Bro. Antony Kurian OFM Cap. was the first Capuchin to make his solemn profession in Ireland for seven years. The Indian-born brother first encountered the Capuchins in India, but he joined the order here hoping to join in a renewal of the Faith in Europe.
Only when I had this job and I felt I needed something more than this, I thought at least I had to try it, to have peace”
Bro. Antony’s initial contact with the order came when he was in his teens, living in India. Although he was attracted to their way of life, it wasn’t until he moved to Ireland that he seriously began to consider his vocation.
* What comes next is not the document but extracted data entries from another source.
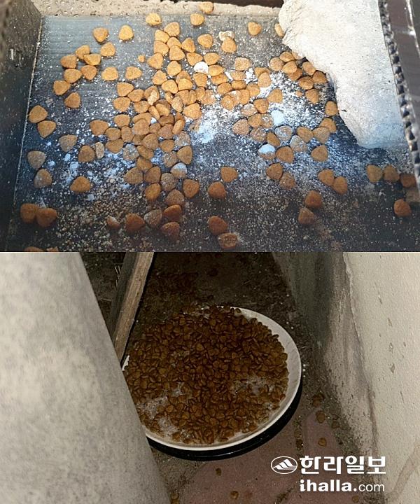 최근 제주시 삼양동의 길고양이 급식소에서는 수상한 파란 가루가 사료에 섞이거나 락스 냄새가 진동하는 등 동물학대 정황이 발견됐다. 한달 새 고양이 2마리가 의문사하기도 했다. 독자 제공
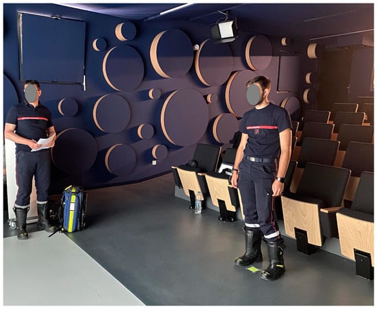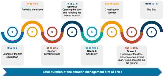 One of the objectives of the CP2DIMG research program is to examine the effect of emotions on decision-making in a professional setting among firefighters and police officers. Their abilities to manage and regulate emotions in an operational context recreated for the study were assessed in a first series of tests. Immersive technologies are relied upon to recreate a professional scenario in the form of a serious game [63]. The objective is to closely replicate the emotional aspect of the operational context. The immersive multi-sensory experience is the chosen technology, which combines a set of visual and auditory stimuli to create an experience that engages multiple senses. These technologies offer interesting potential in learning or teaching, as described by Morgado [64]. To come as close as possible to real-life intervention conditions, the proposed experimental protocol relies on four previously described criteria: rapid evolution, uncertainty, high risk for the interveners, and the obligation to act to save. Thus, the objective of this first film is to place individuals under extreme stress (taking them out of their comfort zone) or intense emotional peaks. It is worth noting that the scenario of this “general public” film was deliberately designed to evoke emotions for firefighters, police officers, as well as individuals not part of the emergency services in a context very different from that of high-intensity fire evacuation, but still within an operational context (Figure 1). The editing of the emotional induction film was designed to immerse participants in a realistic and dynamic scenario, representative of fire brigade interventions, and adhering to operational context criteria. The chosen scenario incorporates these criteria, emphasizing the necessity for rescue. The timeline identifies key elements observed, forming a temporal sequence that aims to create emotional peaks associated with the context. These peaks are driven by uncertainty, risks to individuals or responders, sudden changes in exercise conditions, or the urgency of rescue operations. Scenarios tailored for firefighters and police officers, considering specific operational contexts, are currently being designed and will be implemented during the second year of the project (2024–2025).
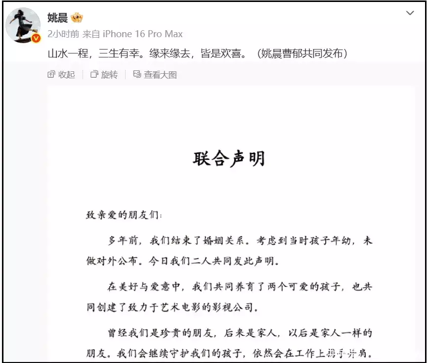 姚晨和曹郁一样逃不过,姚晨再次离婚之后,尽管双方竭力表现出体面,离婚声明都字字斟酌,还是有爆料称姚晨的第二任丈夫也出了轨。
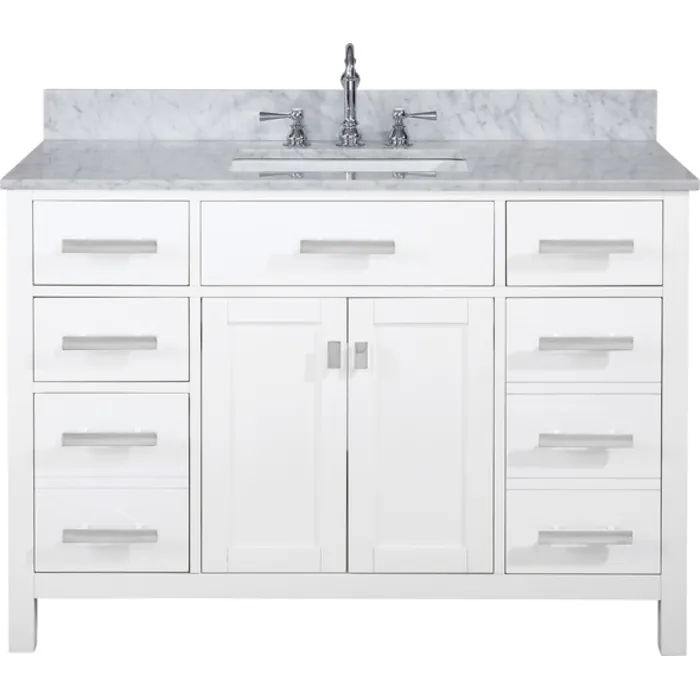 - 3/4" Thick Seamless Carrara Marble Countertop with Pre-Drilled Holes to accommodate 8" Wide Spread Faucets

“I kept studying, I did engineering in India, then I came to Ireland to do a masters, then I worked for some time here as an engineer,” Bro. Antony explains. “All that time, I never felt really fulfilled with my life, even though I had a good job and everything. I had this good experience with the Capuchins in India, so I always felt attracted to that vocation. I was always thinking about being a Capuchin, but I hadn’t made a decision to join.
“Only when I had this job and I felt I needed something more than this, I thought at least I had to try it, to have peace. Either way, I have to try it, then only I will know. That’s why I made this step to contact the Capuchins and visited them. I finished my job, then I went to India for year; I came back and then I joined the postulancy programme.”
Before he considered his vocation, Bro. Antony had a foundation in the Faith. His community in India “was like Ireland maybe 50 years ago” he says, with the majority of people attending Mass regularly.
“I grew up where the Faith is really practised,” Bro. Antony continues. “It was like Ireland maybe 50 years ago, I’m not sure exactly. Every Sunday, there’s very few people who don’t go to the Church. Most people would go to the church, when I grew up.
“We would have catechism every Sunday. The Faith was really nourished when I was a young age. Even though it was not – it was simply what you do. It wasn’t something special. All the Catholic students would go to catechism class, also there would be retreats in our school. A few times it was given by the Capuchins, so I had contact like that with them also.”
“There was a friary close to my house, so I would go to their house sometimes. So my faith was maybe not very personal at that time. It was like, everybody does it so I do it too. Only when I started thinking about it. Even still, it took a long time to draw and even talk about faith. It took a long time to come to that stage.”
Having had those experiences with the Capuchins, Bro. Antony decided to join them. In particular, he says, the simplicity of their life attracted him: “Mainly it was the simplicity… Also the life of St Francis, when I heard about this. They were also very helpful to the people. Their retreats were very helpful. They had one of the first retreat centres in my area. That all attracted me to them.
“Then I had one priest who I know. The retreat he gave, that really touched me, in India, his message. You could experience God’s spirit working through him. That one priest helped, he attracted me to the Capuchins.”
Having joined the postulancy, Bro. Antony says there were many challenging times, but he never doubted his vocation: “It was challenging, because it’s a different world – because it’s changing the rhythm of the day that you would ordinarily have. That was difficult in the beginning. But even though it was difficult, in a way I was fulfilled, even when I joined – that doesn’t mean I had doubts. Overall I had a sense of peace in me, when I joined.
“There are challenges also because in our days, most religious communities are thinking about the future. There is also change happening. It is something that I like to take positively, that it is change for a better future.
“Sometimes there were lots of uncertainties, whether I will be able to continue here. You know there were issues over the immigration status, those kind of things, there were lots of uncertainties like that. But overall I was at peace once I joined the order.”
This is not a specific mission or ministry, but this overall motivation to be part of the renewal and re-evangelisation of faith in Europe”
Many people asked Bro. Antony why he decided to join the Capuchin’s in Ireland, he says, and it was something that he spent a good deal of time considering.
“I was thinking for a long time. Over the years I regularly thought, the journals in India and some of the magazines – they talk about the crisis of faith in Europe and how Europe was key in spreading the Faith to our lands.
“How people need to pray for Europe and help us begin to regain the Faith and even to bring back the Faith to Europe. That was my motivation, but I wasn’t sure what to do, what I was able to do. In a way that gave me a purpose to join. This is not a specific mission or ministry, but this overall motivation to be part of the renewal and re-evangelisation of faith in Europe. That was the motivation, it really influenced my decision to join, because I was already here.”